Semipartitioned scheduling with per-core and global queues

Figure 3: Semipartitioned scheduling

2 Core-set Based Multicore Real-Time Scheduling

Although semipartitioned scheduling reduces cross-core migration while leveraging idle cores, it can still suffer load imbalance. For example, in aerospace and other domains with strong determinism requirements, most tasks may be bound to specific cores, which can lead to uneven task distributions and underutilized cores. Moreover, when many tasks reside in the global ready list, cache locality can degrade and system performance can suffer.

This article extends semipartitioned scheduling by adding a core-set attribute to tasks. A core set is a subset of cores on which a task is allowed to run. When configuring a task, if an affinity (specific core) is set, it must be one of the cores in the task's core set. If no affinity is set, the task is eligible for global scheduling, but the global scheduling is limited to the task's core set, effectively a local-global scheduling. If no core set is specified, the default core set is all cores.

Figure 4 illustrates semipartitioned scheduling with core sets. If task A has core set [0,1], then its affinity can only be core 0 or 1; if no affinity is specified, the task is globally scheduled but only within [0,1] rather than across all cores [0,1,2,3,...,N].

Core-set semipartitioned scheduling example

Figure 4: Core-set semipartitioned scheduling

When a core selects its next task, an additional filtering layer is applied to the global ready queue: tasks whose core set contains the current core are extracted into a separate list. The scheduler then finds the highest-priority task in this filtered list and compares it with the highest-priority task in the core's affinity queue; the higher-priority task is dispatched to the core. The core selection process is shown in Figure 5. For example, if core 2 is idle or needs rescheduling, the scheduler scans the global ready queue by priority: task A's core set does not include core 2 and is skipped; task B's core set includes core 2 and is added to the filtered list; scanning continues until the highest-priority eligible task is found. Then the highest-priority task from the filtered list is compared with the core 2 affinity queue's highest-priority task, and the one with higher priority is selected to run on core 2.

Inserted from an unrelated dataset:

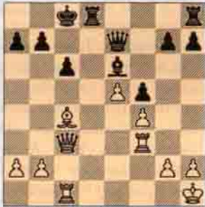
1.a) Beyaz oynar kazanır.

3 Core-set Based Scheduling Flow

The scheduling flow for the core-set based method is shown in Figure 6.

Flowchart of core-set based scheduling

Figure 6: Flowchart of core-set based scheduling

Step 1: Scheduling is triggered by events such as end of interrupt service routines, tasks blocking while waiting for resources, or a higher-priority task becoming ready.

Step 2: Obtain the current core ID to access that core's affinity queue and to filter tasks that satisfy the core-set requirement.

Step 3: Traverse the core affinity ready queue to find the highest-priority task, PrivateHighestTask.

Step 4: Traverse the global ready queue and filter tasks whose core set includes the current core to form a candidate set.

Step 5: From the candidate set obtained in Step 4, select the highest-priority task, GlobalHighestTask.

Step 6: Compare priorities. If PrivateHighestTask has higher priority than GlobalHighestTask, proceed to Step 7; otherwise, go to Step 8.

Step 7: Set PrivateHighestTask as the successor task for the core and proceed to Step 11.

Step 8: If PrivateHighestTask and GlobalHighestTask have equal priority, proceed to Step 9; otherwise go to Step 10.

Step 9: Choose the one with the earlier ready time between PrivateHighestTask and GlobalHighestTask as the successor task, then proceed to Step 11.

Step 10: Set GlobalHighestTask as the successor task for the core and proceed to Step 11.

Step 11: The chosen successor task runs on the core.

Step 12: The scheduling instance completes and awaits the next scheduling trigger, returning to Step 1.

Conclusion

Semipartitioned scheduling uses a global run queue to improve load balance and increase processor utilization compared with purely partitioned scheduling. This article proposes a core-set enhancement to semipartitioned scheduling to address load imbalance. The core-set method restricts global scheduling to task-specific subsets of cores, improving locality and reducing contention while preserving the original scheduling behavior. The approach aims to maintain real-time properties and can support future multicore container configurations. Development and testing have been completed on FT1500-A; tasks run normally and core-set attributes are configurable so tasks run only within their specified core sets. The next step is experimental validation to compare this method's load balancing against standard semipartitioned scheduling.